Section 69(3) enjoins the magistrate to act after he has made a decision:

(i) that some person has concealed property belonging to the insolvent estate; or

(ii) that a person is holding property, belonging to the insolvent estate, unlawfully.

It is the second finding that concerns me. If a magistrate finds that the person is holding the property lawfully he must refuse to issue the warrant. A decision by a magistrate in favour of a trustee would clearly prejudicially affect the property or the rights to such property vesting in an individual. In these circumstances the maxim audi alteram partem must be considered. See eg South African Defence and Aid Fund and Another v Minister of Justice 1967 (1) SA 263 (A) at 270B-G.

When a magistrate is called upon to issue a writ because property is being concealed, obviously hearing the other party could frustrate the whole object of the provision. However, when a person is holding property openly and maintaining that such possession is lawful the position must be different. I balk when it is suggested that a magistrate, on the say so of a trustee, may decide a legal issue without hearing both parties and the subsequent seizure of the property leaves the absentee helpless to prevent its removal. I reject the respondent’s contention that the Legislature intended to exclude the operation of the maxim when a magistrate is called upon to consider whether or not a person holds property lawfully.”11


With due respect, the provision does not require the magistrate to make findings of that kind or to decide a legal issue. As has already been said, the magistrate decides no more than that there are reasonable grounds for suspecting12 that an asset is concealed or otherwise unlawfully withheld from the trustee. In no sense does the magistrate pre-empt the determination of any dispute which may exist in regard to the right to possession. In my opinion the learned judge erred in requiring notice to be given. I prefer the contrary conclusion reached by Flemming DJP in the case of Philip Business Services CC 13and Nugent J in the case of Kerbyn 178 (Pty) Ltd.14

[17] In Life Science (1994) (Pty) Ltd and Another v Powell NO and Another,15 too, the view was taken that the s 69 did not require the giving of notice, regardless of whether it was a case of concealment or some other case of unlawful withholding.
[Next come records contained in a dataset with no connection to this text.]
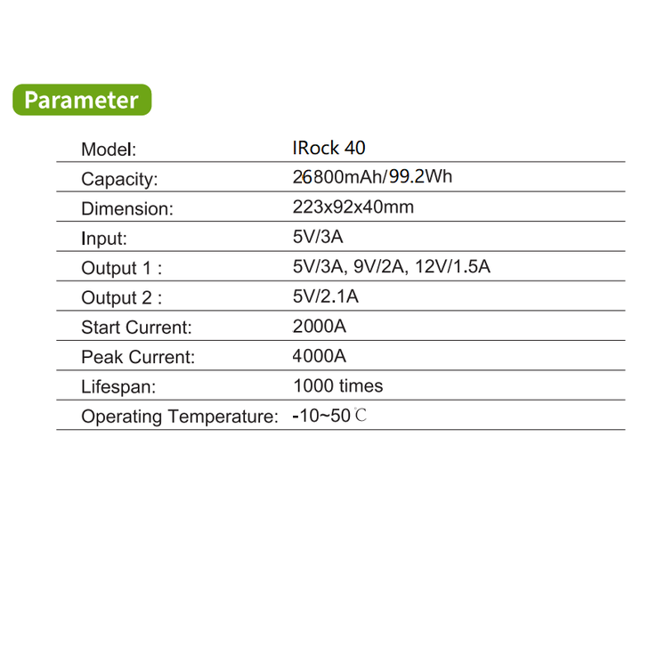 【Car Battery Booster】: Featured with 4000A Peak Currency, Irock 40 portable car jump starter can start dead batteries for 12V vehicles in seconds, rated for all gasoline engines and up to 10L diesel engines, even in the extreme environments from -4°F to 140°F, saving your hassle and stranded on roads for assistance.
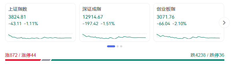 指数表现方面,截至收盘,上证指数下跌1.11%,收报3824.81点;深证成指跌幅扩大至1.51%,收报12914.67点;创业板指走势最弱,下跌2.10%,收报3071.76点。成交额层面,沪深两市合计成交17242亿元,较昨日缩量493亿元,显示市场交投活跃度略有降温,资金观望情绪有所上升。
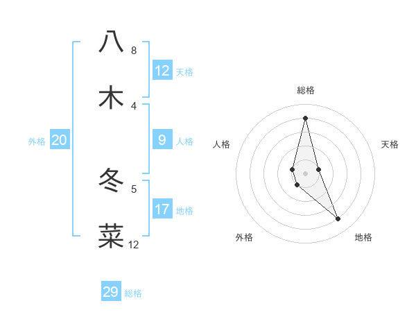 八木 冬菜さんを姓名の画数から五運を鑑定
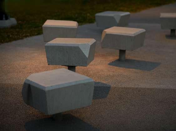 簡約的混凝土座椅錯落在公園各處提供休憩,材質呼應建築結構,也 成為照明氛圍營造的著力之處。
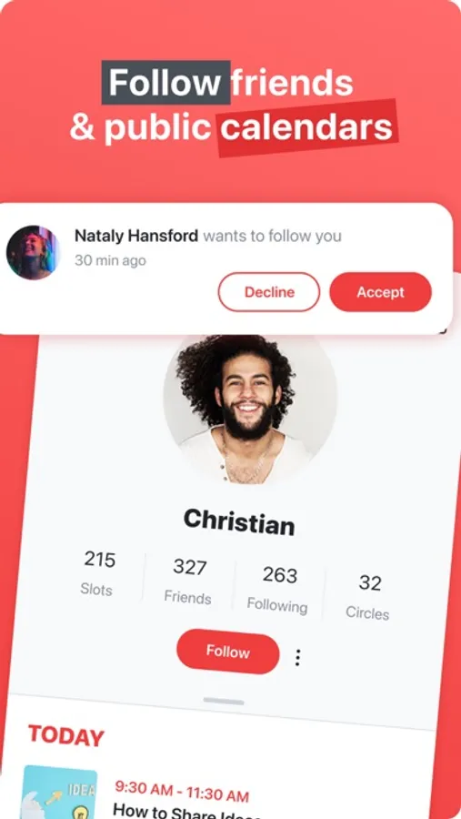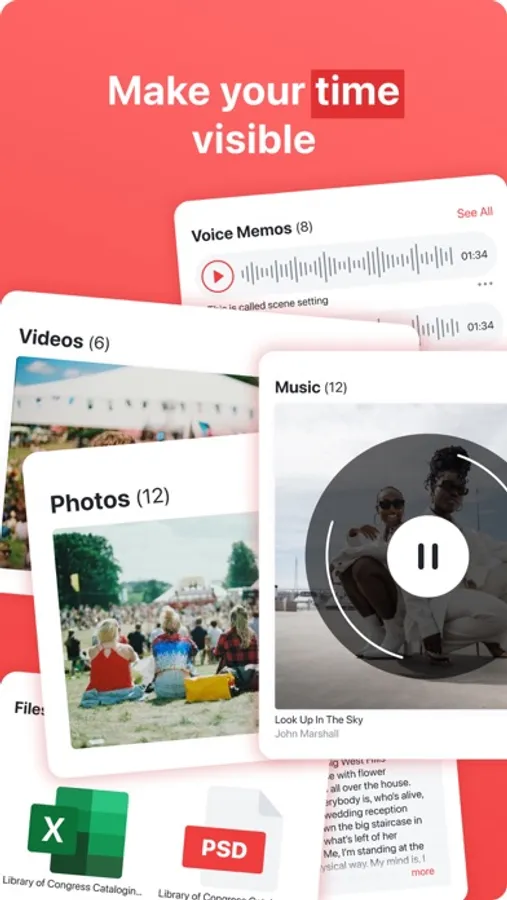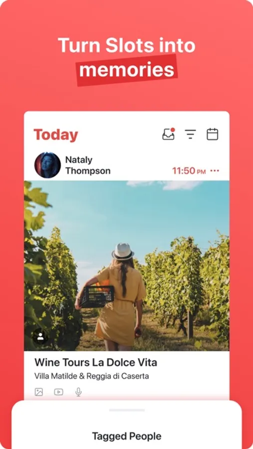 Add photos, videos, voice memos, files, music, location and notes to your Slots. Tag friends or create circles to share your Slots just with them.
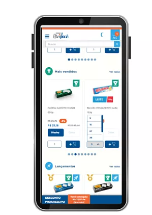 O site traz ainda, de forma bem clara, quais são as promoções disponíveis, sejam elas semanais, quinzenais ou sazonais. A partir dessa funcionalidade, o Nestlé Até Você apresenta para o cliente o “desconto progressivo”, uma dinâmica promocional baseada na compra de itens com medalhas ou ticket de compra. Quanto mais itens com medalha o varejista comprar ou quanto maior for seu ticket de compra, maior o desconto em seu carrinho.
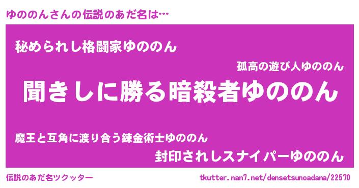 | 女子向けラノベタイトル風あだ名 | 『ゆののんなんてお断りですっ。』 |
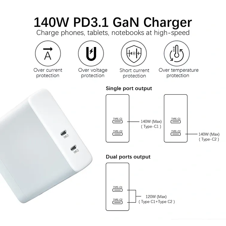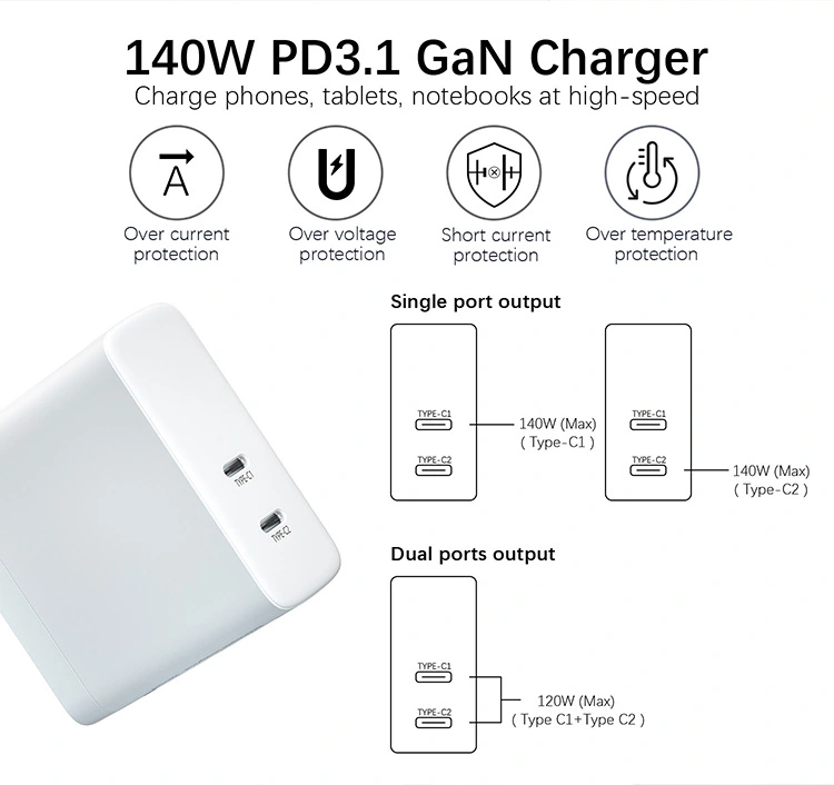 140W 듀얼 USB C 포트 PD 충전기 US 플러그 접이식: 단일 포트는 최대 140W 전력을 제공할 수 있습니다. 듀얼 포트 출력 전력은 지능적으로 동시에 할당됩니다. 노트북과 휴대폰을 동시에 충전해도 효율성은 변함이 없습니다.
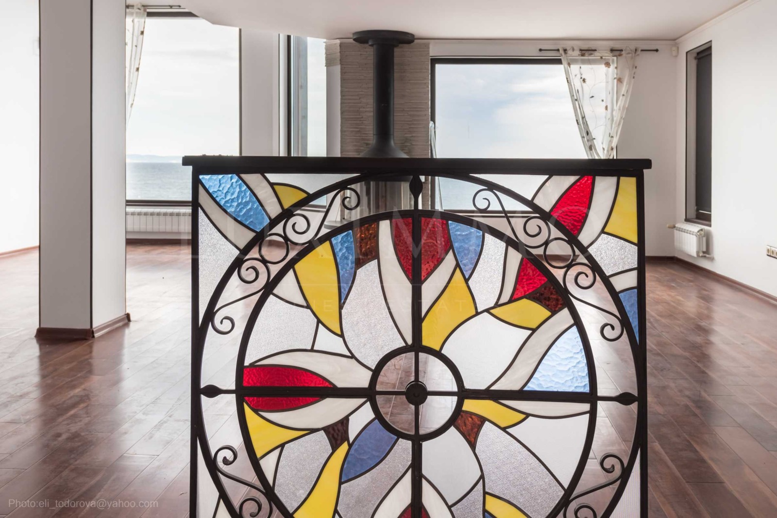 Имотът се предлага необзаведен, в степен на завършеност 'до ключ', с кухня. Разполага със собствен асансьор и сауна, има модерна камина.
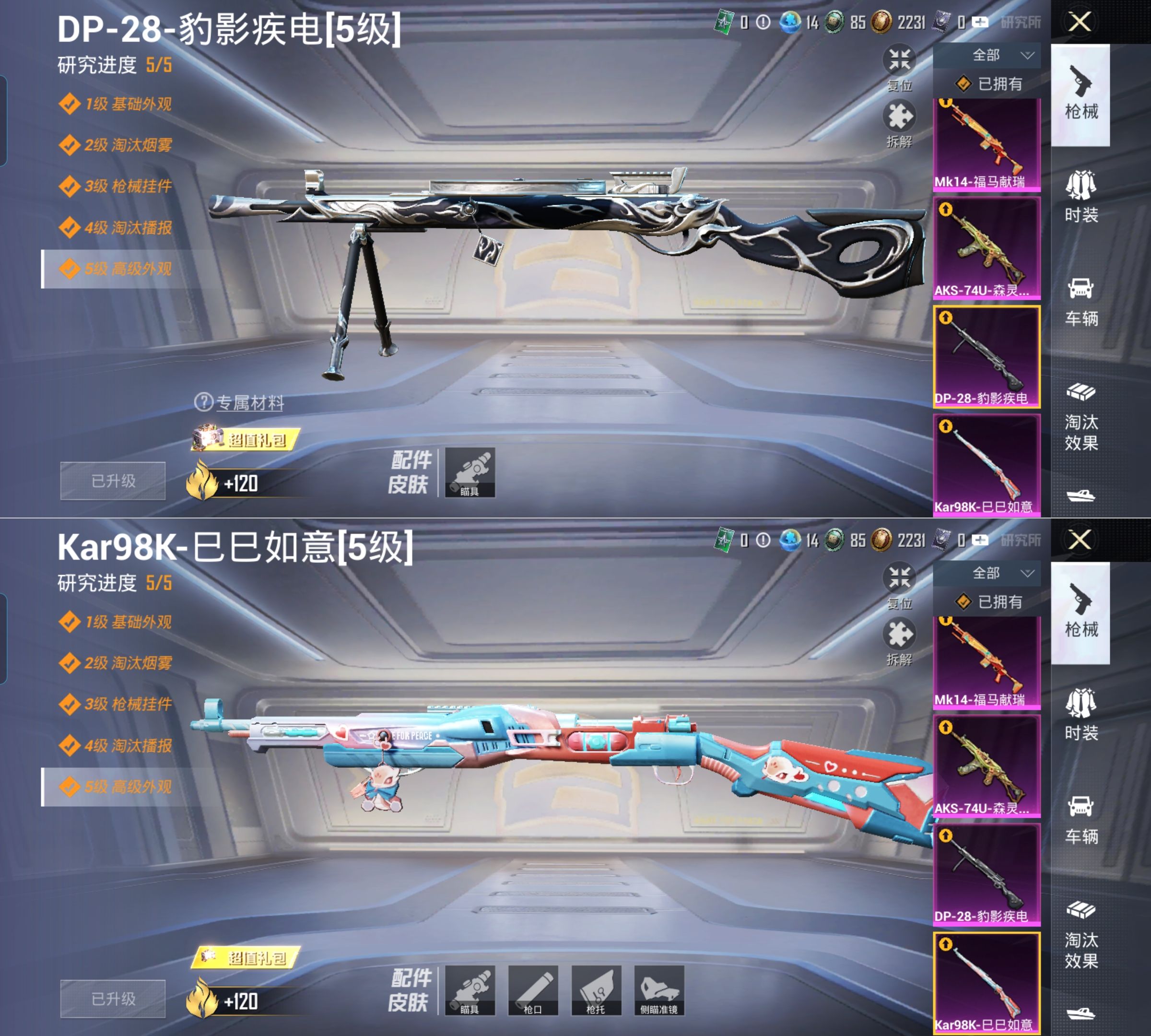 PX_2559213-款身法号1粉装-6特效枪暗影哥特,深海小丑鱼,都市猎人,浪漫天命】安卓手Q-1粉装-6特效枪-81套装-98枪皮-4王牌印记-荣耀皇冠Ⅴ-26745热力值【1粉装】星之彼岸【6特效枪】Kar98K-巳巳如意[5级],DP-28-豹影疾电[5级],AKS-74U-森灵之息[5级],Mk14-福马献瑞[5级],UMP45-萌骑冒险[2级],ACE32-萌骑漫游[4级]【4稀有】暗影哥特,深海
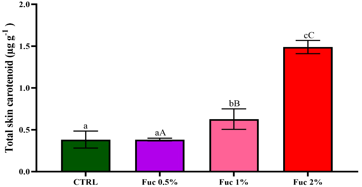After 50 days of feeding with Fuc supplement, the carotenoid content of the whole skin increased significantly in the Fuc 1% and 2% groups compared to the control group (Figure 13, p< 0.05). In addition, a significant difference was observed between the groups (0.5% vs. 1%, 0.5% vs. 2%, and 1% vs. 2%) fed with Fuc supplement.
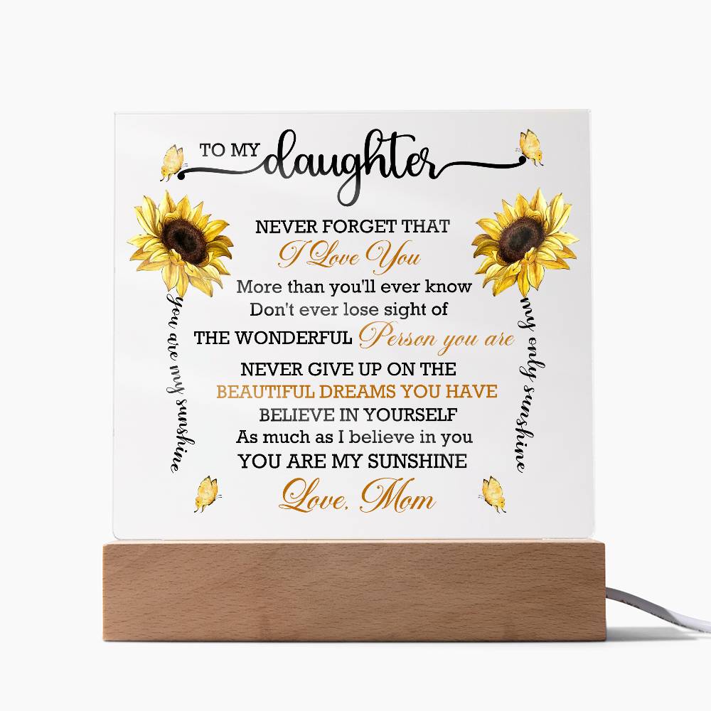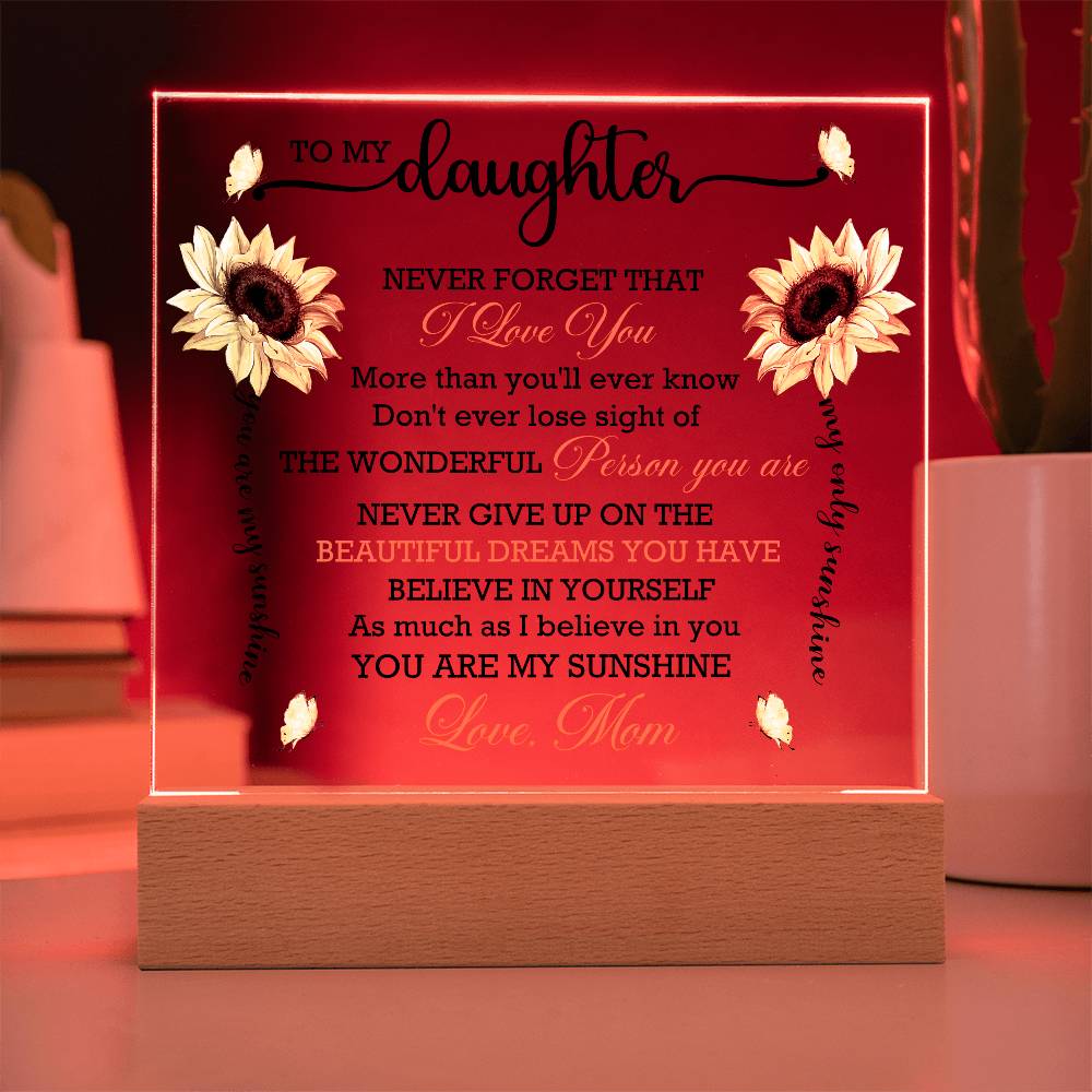 Your plaque will be crafted from premium acrylic with a professionally printed design for a polished look. It comes with a stylish wooden LED base, and you can choose between a USB plug-in option OR a cordless battery-operated option (requires 2 AAA batteries, not included). Both LED bases feature 7 vibrant colors, allowing the user to customize the lighting with various color changes and dynamic cycles.
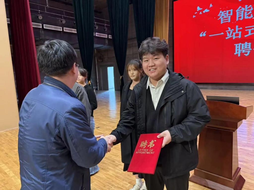 分享环节结束后,秦冲为三位员工分别颁发导师聘任证书,进一步充实公司社会导师和朋辈导师队伍,同时献上鲜花,现场再次响起热烈掌声,向三位优秀员工致以敬意。最后秦冲作总结讲话。他高度肯定本次报告会的价值,指出三位员工的经历为新生呈现了 “多元发展的青春可能”,鼓励新生 “既要仰望榜样,更要脚踏实地,将规划转化为行动”。秦书记的嘱托让新生对未来老员工活有了更清晰的思考。
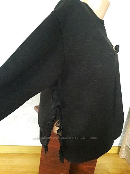 Утепленный свитшот размер S, идет примерно на 46-48, цвет черный с фрагментами серой нитки. С правой стороны разрез с рюшами. Длинна-58, ширина-53, рукав-51,5.Другие объявления продавца
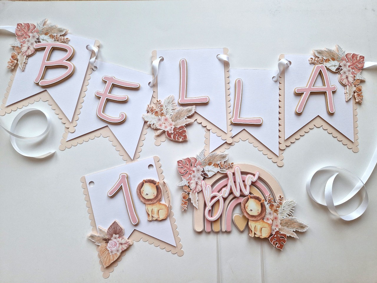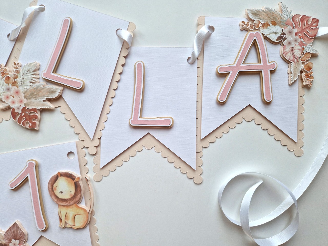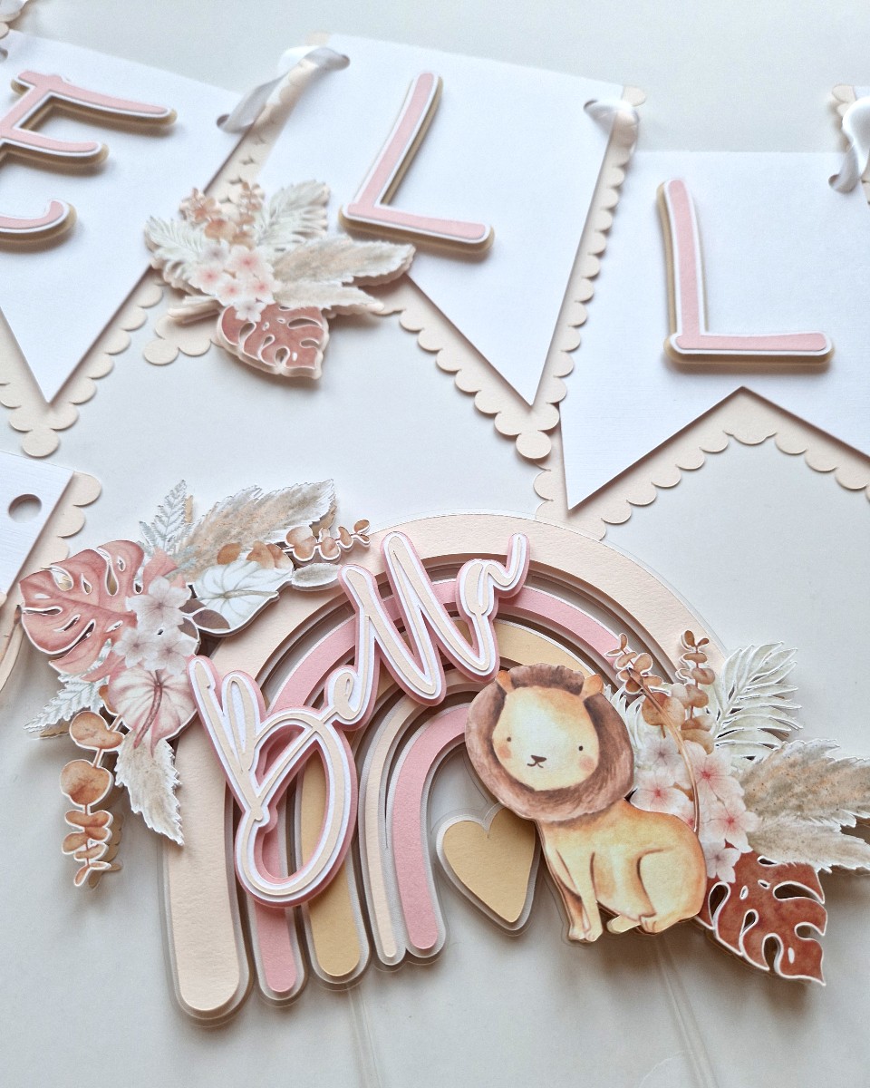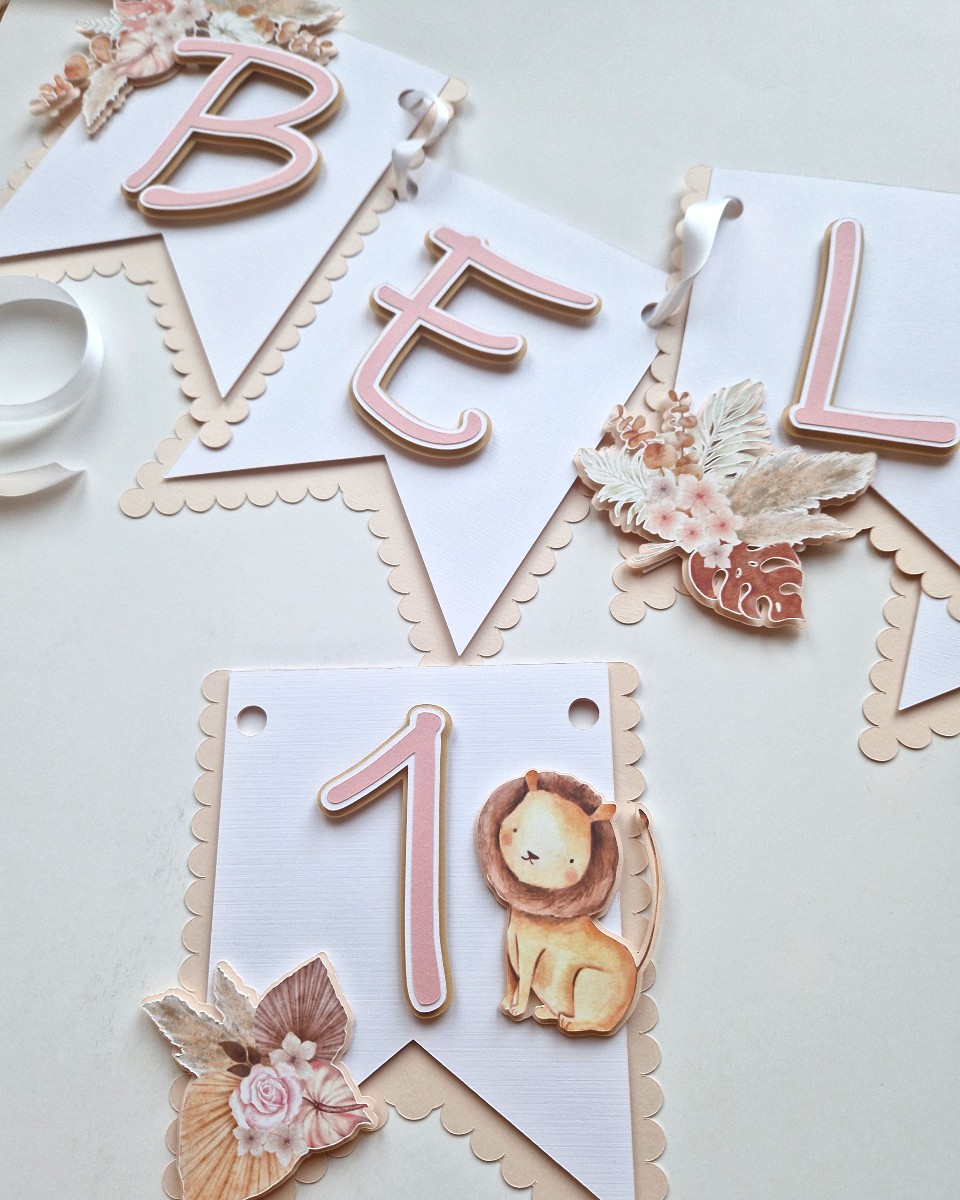 Lipukesed on meisterdatud valgest ja beežist kartongis. Nimetähed on kolmekihilised ehk heleroosa+valge+beež kartong. Bänneril on kasutatud matte, mitte-sädelevaid kartonge. Soovi korral on värvetoone võimalik vahetada – näiteks poisilikumaks saab bännerit muuta, kui teha tähed pruunid või helesinised. Samuti on võimalik vahetada lõvi pilt mõne teise looma pildiga või üldse ära jätta (oma soovidest palun anna teada kommentaaride lahtrisse). Bänner on loodud sobimaks kokku Boho-vikerkaare koogitopperiga.

But it was also suggested that where there was “a clear and open and reasonable dispute between the possessor and the liquidator as to whether the goods were the company’s goods, and where there was some adequate safeguard to there being damage, loss or risk involved or where there is no possibility of the removal or concealment of the goods in question” the “correct approach would then be to decide whether in such circumstances the issue of the warrant had been justified” and “whether or not it was proper for the applicant to invoke the search procedure”. These statements were approved in Advance Mining Hydraulics (Pty) Ltd and Others v Powell NO and Another.16 Prima facie these suggested limitations upon the powers conferred by s 69 seem to me to be unjustified and involve reading into the provision a host of qualifications which are not readily apparent from either its language or the object which it is intended to achieve. However, in the circumstances of this case, it is unnecessary to take a firm stand one way or the other.

[18] In this case the trustee was being threatened with cancellation of the sale of the share in the flat if he did not deliver the title deed. It was plainly a matter of urgency that he obtain it and his recourse to s 69 cannot be said to be an abuse of the provision.

The need for and sufficiency of disclosure by the trustee.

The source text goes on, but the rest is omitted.